‘Spooky’ moths stay on target

A unique species of moth made famous by a classic horror film has helped to unlock a century-old mystery of what insects do over their long-range journeys.

In a world first, the Death’s-head hawkmoth, which came to prominence in the 1991 movie The Silence of the Lambs, has been found to maintain a perfectly straight flight path even in rough wind conditions in a study led by recently appointed JCU Zoology Lecturer Dr Myles Menz.

Dr Menz conducted the study with his research team while previously working for the Max Planck Institute of Animal Behaviour (MPI-AB) in Germany, radio tracking migrating hawkmoths for up to 80 kilometres – the longest distance that any insect has been continuously monitored in the wild.

The study, which also involved the University of Konstanz in Germany and the University of Exeter in Britain, confirms that hawkmoths can accurately maintain straight trajectories over long distances, employing sophisticated strategies to counter and correct for unfavourable wind conditions.

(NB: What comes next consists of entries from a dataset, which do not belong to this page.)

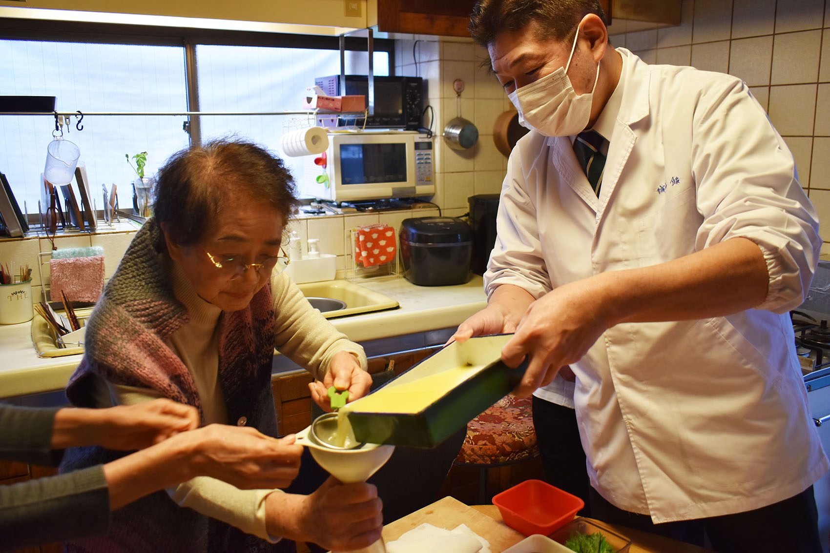 高知の郷土料理「皿鉢料理」に欠かせない、松﨑先生も大好きな「鯖ずし」。古くから県内でよく獲れた鯖は、その昔山村に運ぶ為水揚げしてすぐに捌き、濃い塩をもんで鮮度を保っていました。高知では「山の鯖ずしがうまい」という定説があり、その理由を科学的に研究したところ、鮮度を保つため水揚げした直後に塩振りをする工程が味わいに良い影響をもたらしていることが明らかになりました。山村ではお米がご馳走だった為、ハレの日の『おきゃく』で作る鯖ずしには酢飯をこぼれんばかりに入れるのが昔からのおもてなし。松﨑先生特製の鯖ずしでは、ゆの酢(ゆず100%の果汁)をたっぷりと使用するのが特徴です。
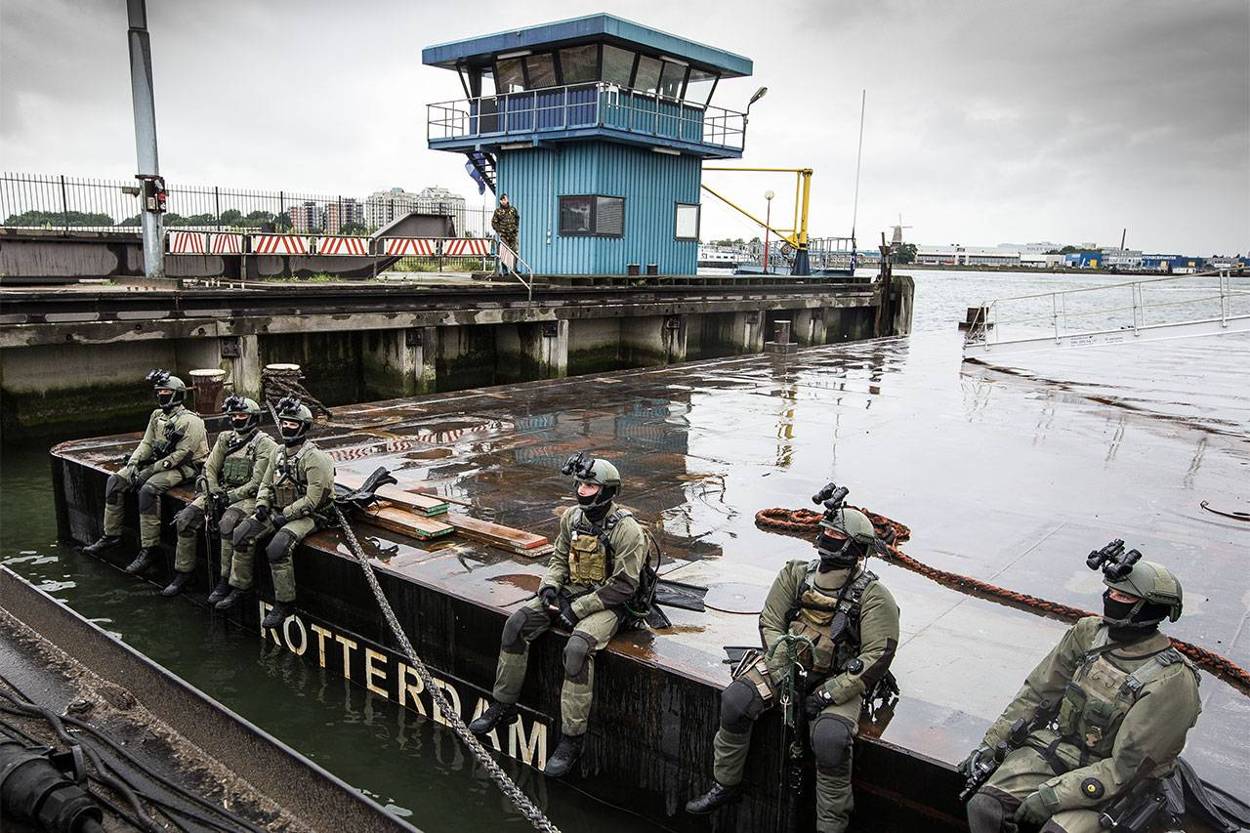 Elitemilitairen van de Maritime Special Operations Forces wachten geduldig voor ze op mogen voor de spectaculaire opening van TechBase. Tijdens dit techniekevenement van Defensie werd 2 dagen lang alles gedaan om jongeren te enthousiasmeren voor een baan als technicus bij Defensie. Locatie: de oude RDM-werf in de Rotterdamse deelgemeente Heijplaat. Ondanks de regen trok het evenement veel belangstellenden. Lees meer hierover in deze Defensiekrant.
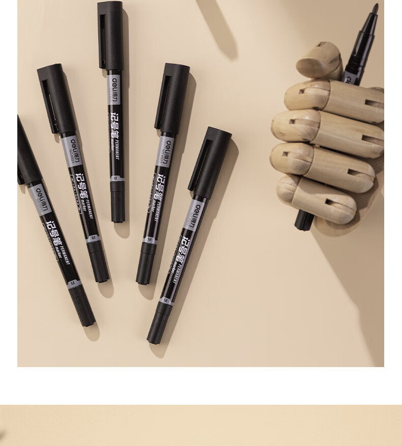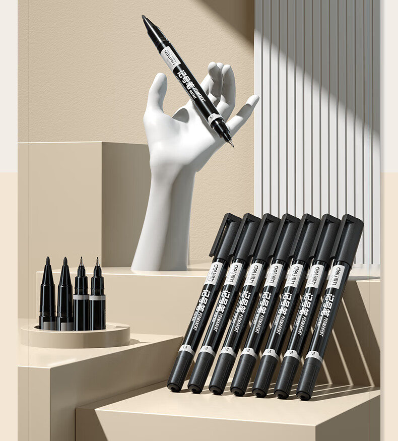 得力/deli 6823 书写用笔类用具 小双头多用记号笔 12支/盒 黑色
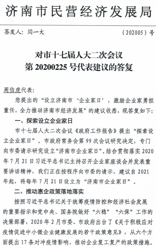 近日,济南市政府网站发布《济南市民营经济发展局对市十七届人大二次会议第20200225号建议“关于设立‘企业家日’,激励企业家勇担重任,全力推动济南市经济发展”的答复》。答复显示,济南市民营经济发展局正在按程序向济南市委请示,建议自2021年起,将每年7月21日设立为“济南市企业家日”。

The findings reveal that insects are capable of accurate navigation on their long journeys.

“Studying insects on the move is a formidable challenge,” said Dr Menz.

“They’re usually too numerous to mark and find again, and too small to carry tracking devices.

“Understanding what insects do during migration, and how they respond to weather, is a last frontier in migration science.”

When winds were favourable, researchers found the hawkmoths flew high and slow, allowing the air to carry them.

But during harsh headwinds or crosswinds, they flew low to the ground and increased speed to keep control of their path.

“For years it was assumed that insect migration was mostly about getting blown around. But we show that insects are capable of being great navigators, on par with birds, and are far less vulnerable to wind conditions than we thought,” Dr Menz said.

“By showing that it is technically possible to continuously monitor individual insects over migration, and to observe their flight behaviour in detail, we hope to inspire more studies to answer many more big questions in this area.”

The research team first reared caterpillars until adulthood in a laboratory. When moths emerged as adults, they were fixed with radio tags weighing 0.2 grams—less than 15 per cent of an adult moth’s body weight.

“The moths would probably eat more weight than that in a night, so these tags are extremely light for the insects,” Dr Menz said.

The researchers were then able to track the radio-tagged hawkmoths in a light aircraft, becoming the first study of its type to continuously study nocturnal migrating insects in the wild, and the longest distance over which any insect has been continuously tracked in the field.

The team followed 14 moths each for up to 80 kilometres or four hours in a stretch long enough to be considered migratory flight, using antennas mounted on a Cessna aircraft to detect precise locations every five to 15 minutes.

Insects were followed in a south-south-west direction from Konstanz in Germany into the Alps, which follows the route taken by hawkmoths towards the Mediterranean and Northwest Africa.

“When you’re in an airplane, it becomes extremely difficult to wait for the insects to begin migrating again because you would have to be in the air when this happens, which could be anytime in the night,” said study senior author and movement ecologist for MPI-AB and the University of Konstanz, Martin Wikelski.

Dr Menz said the research team now wanted to find out how moths are able to maintain such straight lines.

“Based on past lab work, it’s possible that the insects are using internal compasses, both visual and magnetic, to chart their way around the world,” he said.